Israel Get Innovative With EV Charging Roads While Driving

Sounds pretty neat, eh? Wouldn’t it be nice never to have to worry about running out of fuel or charge ever again? And also to not have to pay for it would be even better!  Well, that is potentially what is about to happen over in Israel right now as testing continues into electric roads that can wirelessly charge electric vehicles as they’re moving along.

The Israeli startup responsible for this crazy innovative product is Electroad, and their main goal is to apply a greener technology to existing roads that would eliminate the need for an electric car ever to stop to recharge and reduce global emissions in the process. Successful tests have already been completed, and the next steps for the company will involve laying down the roads on a much larger scale along a bus route in Tel Aviv.
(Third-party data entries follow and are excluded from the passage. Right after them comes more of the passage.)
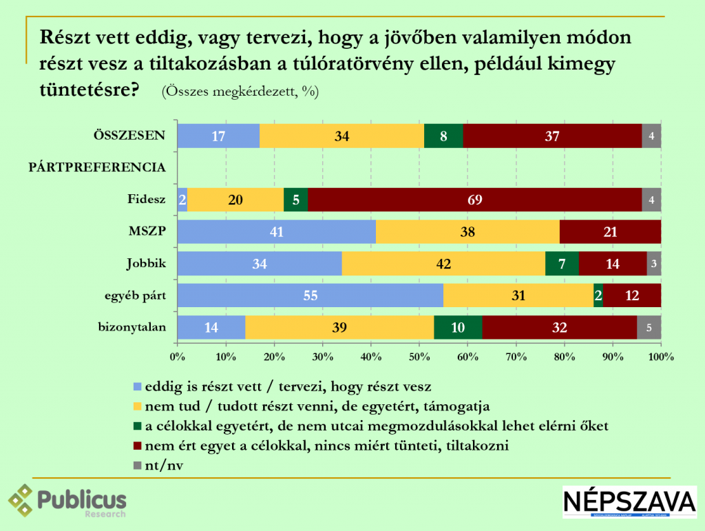 A megkérdezettek 17 százaléka említette azt, hogy már volt, vagy tervezi, hogy személyesen is részt vesz a túlóratörvény elleni tiltakozásban. Míg kétszer ennyien (34 százalék) mondták, hogy nem, de egyetértenek vele, támogatják. 8 százalék a célokkal egyetért, de az utcai megmozdulásokat nem tartja célravezetőnek, míg a válaszadók harmada (37 százalék) szerint nincs miért tüntetni.
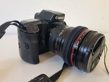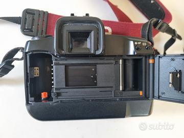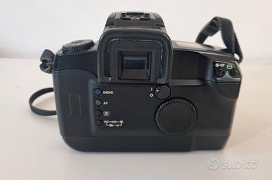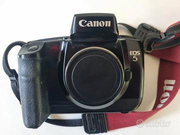 vendo Corpo camera Eos 5 analogica. Tenuta bene con cinghia originale. Priva di batteria. d'altronde non potrebbe essere ancora buona visto l'età. prezzo ottimo, vista e piaciuta.
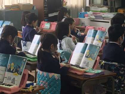 先生のオルガンに合わせて何度も練習し、指づかいがどんどん上達していきました。

Electroad will be a much cheaper, cleaner, and efficient way to travel once implemented.  It’s designed using electromagnetic induction, which is what powers the vehicles with renewable energy while it whizzes along the road. CEO of the company, Oren Ezer, says, “Our technology is flexible. Only copper and rubber is needed, and deployment is quick and easy. You can retrofit one kilometer of road in just half a day, from night to morning.”
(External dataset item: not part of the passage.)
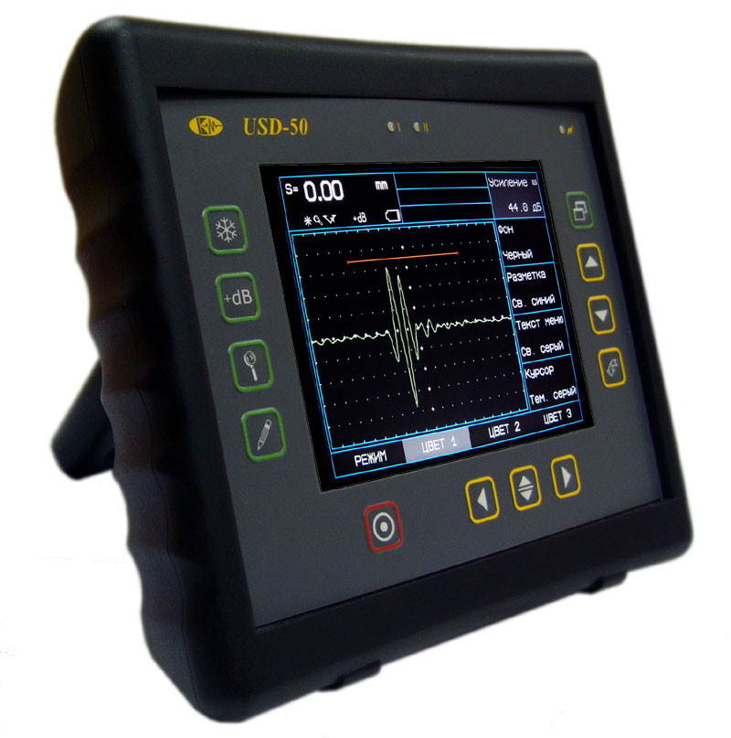 Универсальный ультразвуковой дефектоскоп с цветной TFT матрицей 640х480 и великолепным быстродействием - это наилучший выбор для неразрушающего экспертного контроля сварных соединений и основного металла. Мощный, легкий и портативный (масса всего 2 кг с аккумулятором), в эргономичном ударопрочном корпусе из ABS пластика, прибор устанавливает новый стандарт для современных ультразвуковых приборов ручного неразрушающего контроля. Ультразвуковой дефектоскоп УСД-50 позволяет измерять толщину изделий с большой точностью, выводить сигнал в виде А- и B-сканов и обладает всеми функциями по документированию результатов УЗ контроля.

The first focus for Electroad is on making this amazing technology available for public transportation systems. Once systems have been successfully implemented there, the company will move on to the private transit market. New testing will involve a public electric bus driving along the electric road. The bus will have a small battery fitted to allow it to drive without an electric current for up to five kilometers if necessary.

Ezer said, “We remove the energy source. The electricity will come from renewable energy transferred to the road. This is a sustainable solution. Battery for an electric bus can cost $300,000 and weigh 5 tons. If you remove the battery, then the bus is much lighter and requires less energy. This technology is cost saving.  If you compare it to diesel buses, it’s half the price.”